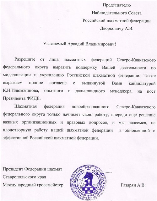 Обращение Северо-Кавказского ФО к Председателю НС РШФ Дворковичу А.В.(24.05.2010г., сайт Федерации шахмат Калмыкии)
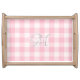 Chic soft pink gingham monogram name serving tray
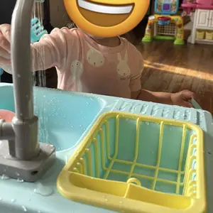 The floating toys (fish and frogs) add fun to fishing games. Use them for indoor or outdoor activities. The detachable drain rack filters and stores dishes. The sink is safe for children, eco-friendly, and BPA-free. Enjoy multiple ways to engage in role-play with this versatile play sink.
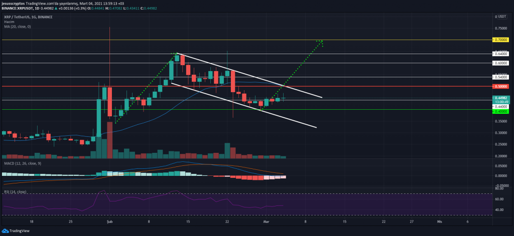 XRP’nin bu formasyon içerisinden çıkıp üst trend çizgisini kırması ve 0.50 dolarlık direnç seviyesini geçmesi halinde söz konusu formasyon hedefi olan 0.70 dolara bir yükseliş görülebilir. Bu yükseliş sırasında ise fiyatın ara direnç seviyelerinde dinlendiği görülebilir ve hatta geri çekilmelerde alış yapılabilir. Yatırımcılar, bu geri çekilmelerde 0.50 dolara stop koymayı tercih edebilirler.
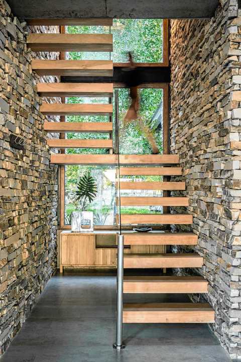 En cuanto a la materialidad de la vivienda, hay predominancia de los materiales en bruto, como el hormigón, la madera, el acero y la piedra. “Buscando siempre un bajo mantenimiento y elegancia en su expresión”, continúa la memoria descriptiva del estudio, que buscó una identidad propia y única en cada espacio que se pudiera recorrer de la vivienda.
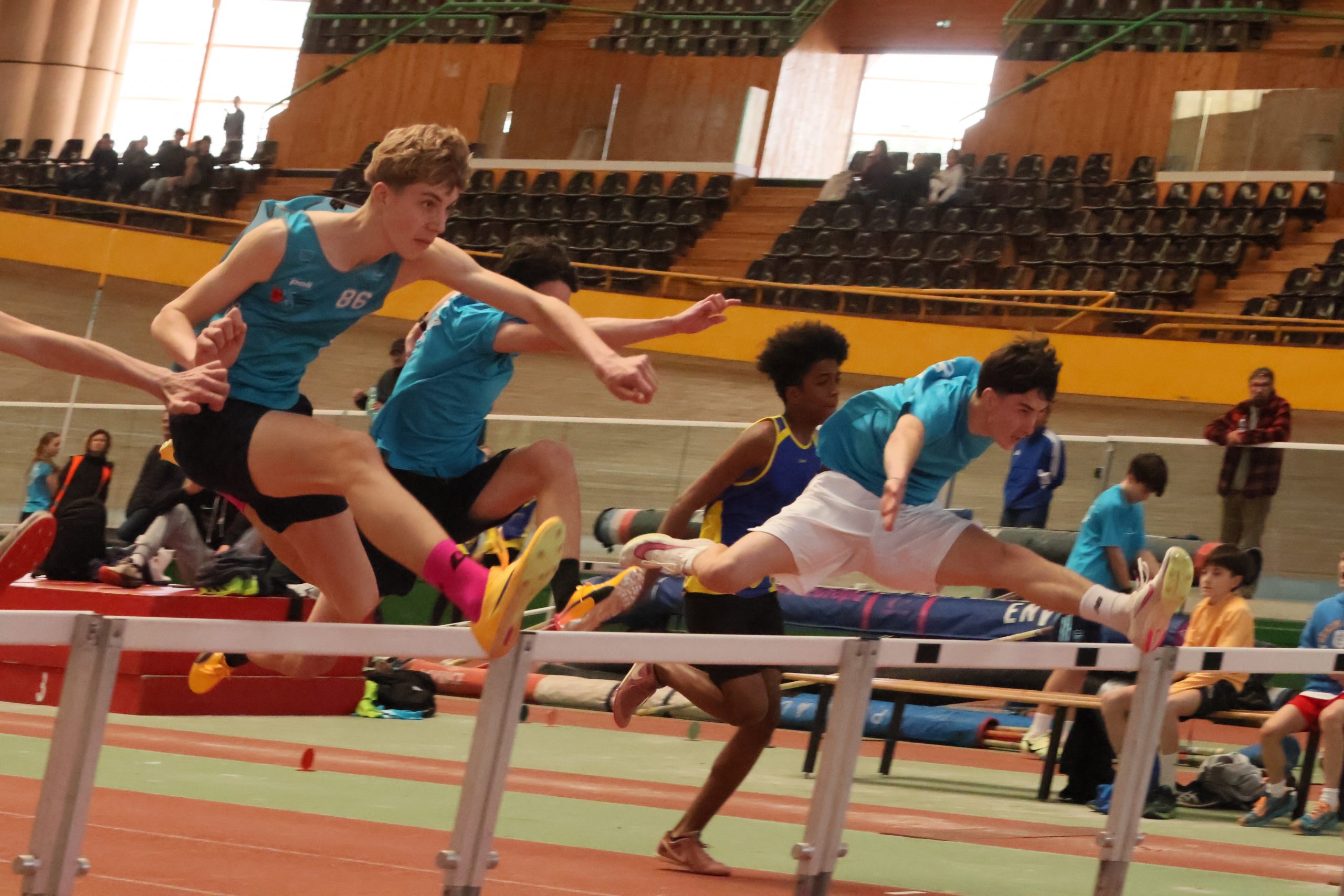 Sur 50 m haies, Louis RICHEZ (Grand Angoulême Athlétisme) bat son record personnel en passant sous la barre des 8 secondes avec 7″98 (42 points). Hugo MAILLOT (E.A.P. Châtelleraudais) améliore également son record avec un chrono de 8″00 (41 points).
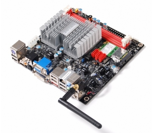 Jetzt ist endlich eine flüssige Darstellung im 1080p-Modus auf einem kleinen Atom-PC möglich. Bilder können über einen VGA-, DVI und HDMI-Ausgang exportiert werden und die Kompatibiltät zu HDCP garantiert die Ausgabe eines geschützten Videoinhaltes. Selbst Dolby Digital True HD kann über den 7.1-Audio-Port realisiert werden. Der Arbeitsspeicher darf auf den beiden Slots 4 GByte betragen und eine Fülle von Schnittstellen machen das Zotac IONITX A zu einem starken Kleinen: 10 USB-Port, eine eSATA-Schnittstelle und drei interne SATA II-Konnektoren, die drei Platten im RAID 0.1,0+1 verwalten können. Eine kleine WLAN-Antenne sorgt für kabelfreie Netzwerkanbindung und unabhängige Platzierung.
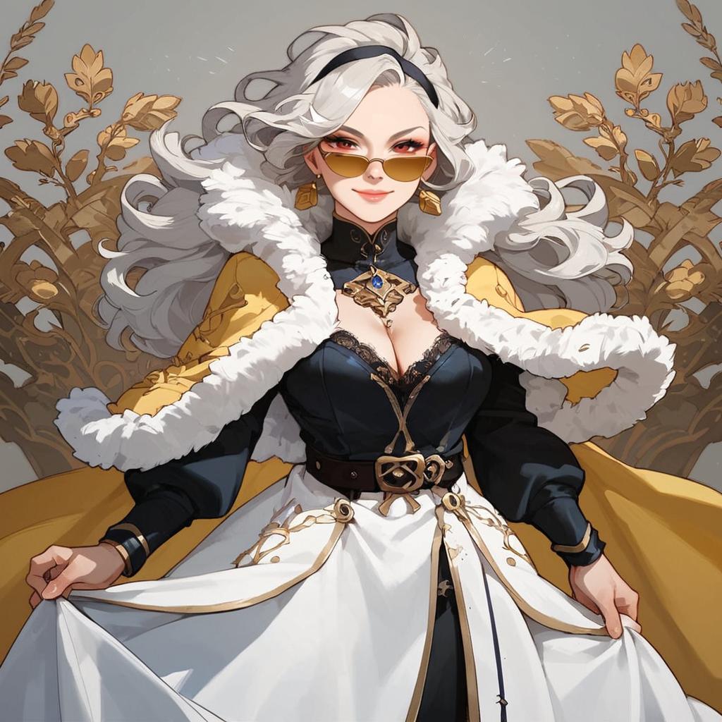 Score_9, score_8_up, score_7_up, score_6_up, score_5_up, score_4_up, , cowboy shot, 1girl, solo, source_anime, sexy pose, smirk, (90s anime style), LNPD-tvs, yellow trim, headband, a woman in a sheered black lace robe, dress, fur trim, pantyhose, embroidery, belt, sunglasses
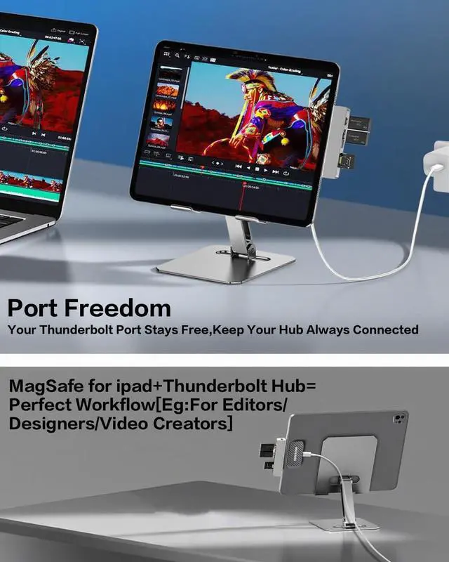 Free Your Thunderbolt Port for What It Does Best Power your iPad wirelessly through the PIN Smart Connector, keeping the Thunderbolt port fully available for high-speed data transfers. This is ideal f
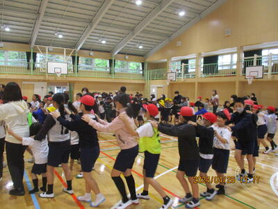 縦割り班の顔合わせやレクリエーションをしました。レクリエーションは6年生の担当の児童達がテンション高く盛り上げてくれ、みんな笑顔で楽しむことができました。
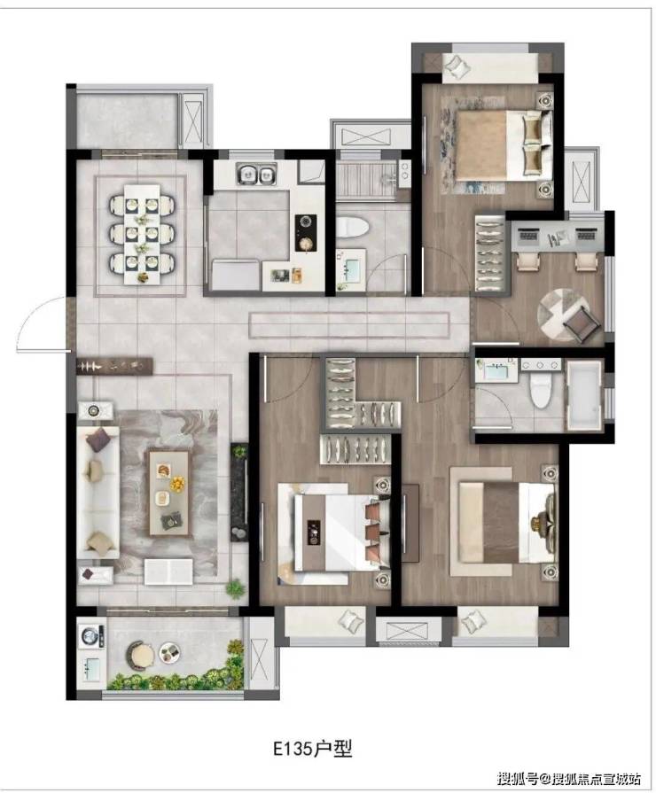 建面约135㎡4房2厅2卫,做到了三开间朝南+双卧室朝南+主卧套房设计+南北通透+动静分离+南北双阳台,这是一个“一步到位”的大4房户型。
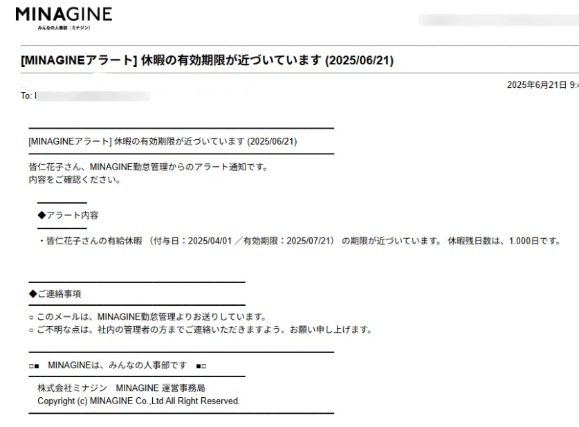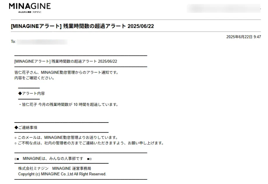 {承認者様のお名前}さん、MINAGINE就業管理からのアラート通知です。
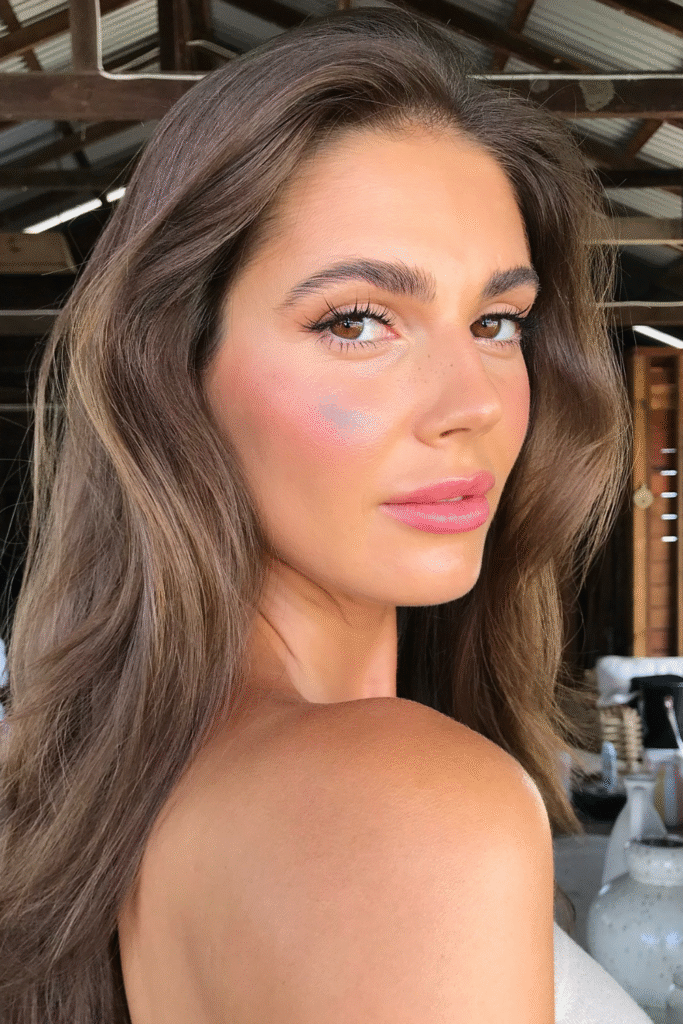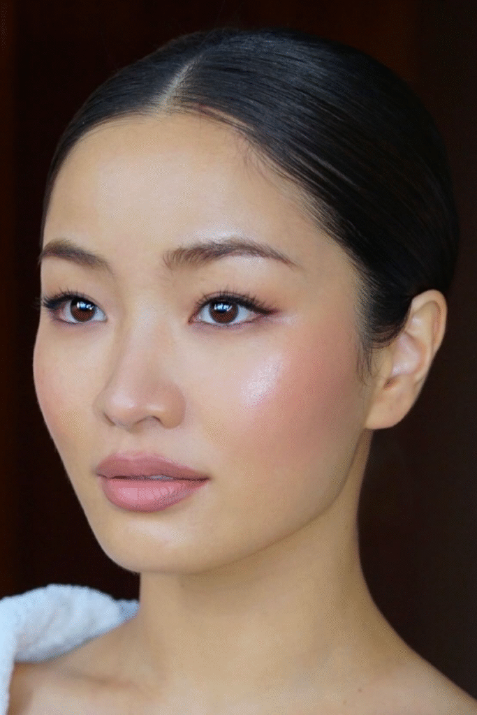 You can see how a creamy blush in peach tone adds life without stealing attention from your features.

##########

■ **GOAL OF THE EXERCISE**: The reply should hold the lines from the top of the records through the line containing "Chic soft pink", reproduced exactly, and no pictures.

■ **YOUR SOLUTION**:
 Обращение Северо-Кавказского ФО к Председателю НС РШФ Дворковичу А.В.(24.05.2010г., сайт Федерации шахмат Калмыкии)
 Chic soft pink gingham monogram name serving tray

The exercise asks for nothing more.